Keep the pictures out. Copy every line of the listing exactly.
Top of DATA BELOW
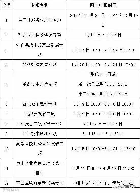 2017年伊始,上海市经济信息化委发布了重点技改、工业强基、产业技术创新、高端智能装备首台突破、软件集成电路产业发展、智慧城市建设、大数据发展等十余个领域2017年专项资金申报通知和指南,请有意向的小伙伴及时登录上海市经济和信息化委员会专项资金项目管理与服务平台(http://zxzj.sheitc.gov.cn)查询项目申报详细信息。
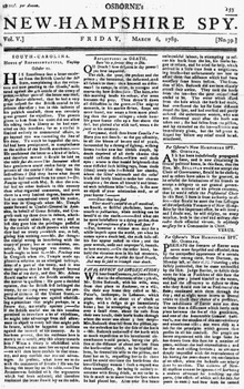 - The New-Hampshire Spy. S.W., Oct. 24, 1786-Mar. 3, 1789.[1]
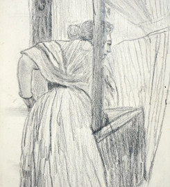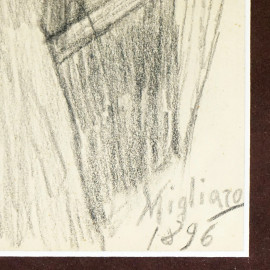 Donna al balcone, carboncino su carta, cm 21x13, firmato Migliaro
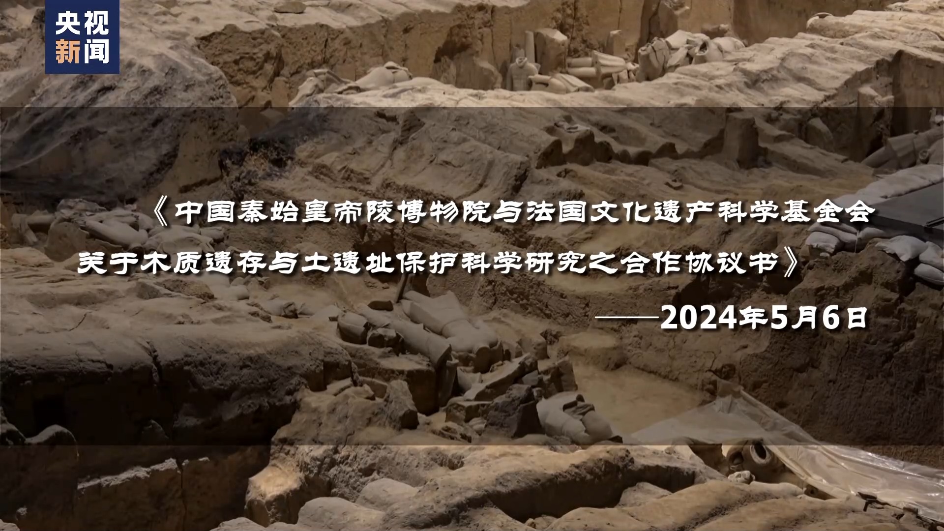 2024年5月6日,中法簽訂了《中國秦始皇帝陵博物院與法國文化遺產(chǎn)科學(xué)基金會關(guān)于木質(zhì)遺存與土遺址保護(hù)科學(xué)研究之合作協(xié)議書》。
Bottom of DATA BELOW
__ANSWER SPACE__
 2017年伊始,上海市经济信息化委发布了重点技改、工业强基、产业技术创新、高端智能装备首台突破、软件集成电路产业发展、智慧城市建设、大数据发展等十余个领域2017年专项资金申报通知和指南,请有意向的小伙伴及时登录上海市经济和信息化委员会专项资金项目管理与服务平台(http://zxzj.sheitc.gov.cn)查询项目申报详细信息。
 - The New-Hampshire Spy. S.W., Oct. 24, 1786-Mar. 3, 1789.[1]
 Donna al balcone, carboncino su carta, cm 21x13, firmato Migliaro
 2024年5月6日,中法簽訂了《中國秦始皇帝陵博物院與法國文化遺產(chǎn)科學(xué)基金會關(guān)于木質(zhì)遺存與土遺址保護(hù)科學(xué)研究之合作協(xié)議書》。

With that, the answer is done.